POST /lib2/books/_bulk
{"index":{"_id":1}}
{"title":"Java","price":55}
{"index":{"_id":2}}
{"title":"Html5","price":45}
{"index":{"_id":3}}
{"title":"Php","price":35}
{"index":{"_id":4}}
{"title":"Python","price":50}

批量獲取:

GET /lib2/books/_mget
{
"ids": ["1","2","3","4"]
}

刪除：沒有請求體

POST /lib2/books/_bulk
{"delete":{"_index":"lib2","_type":"books","_id":4}}
{"create":{"_index":"tt","_type":"ttt","_id":"100"}}
{"name":"lisi"}
{"index":{"_index":"tt","_type":"ttt"}}
{"name":"zhaosi"}
{"update":{"_index":"lib2","_type":"books","_id":"4"}}
{"doc":{"price":58}}

bulk一次最大處理多少數據量: bulk會把將要處理的數據載入內存中，所以數據量是有限制的，最佳的數據量不是一個確定的數值，它取決於你的硬件，你的文檔大小以及復雜性，你的索引以及搜索的負載。

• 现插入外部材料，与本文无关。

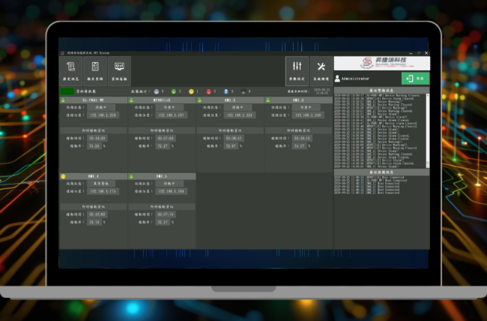 集中監控多台機台運轉、停機與警示狀態, 透過即時數據更新與歷史記錄查詢, 提升生產透明度與管理精準度

一般建議是1000-5000個文檔，大小建議是5-15MB，默認不能超過100M，可以在es的配置文件（即$ES_HOME下的config下的elasticsearch.yml）中。
　　

版本控制

ElasticSearch采用了樂觀鎖來保證數據的一致性，也就是說，當用戶對document進行操作時，並不需要對該document作加鎖和解鎖的操作，只需要指定要操作的版本即可。當版本號一致時，ElasticSearch會允許該操作順利執行，而當版本號存在沖突時，ElasticSearch會提示沖突並拋出異常（VersionConflictEngineException異常）。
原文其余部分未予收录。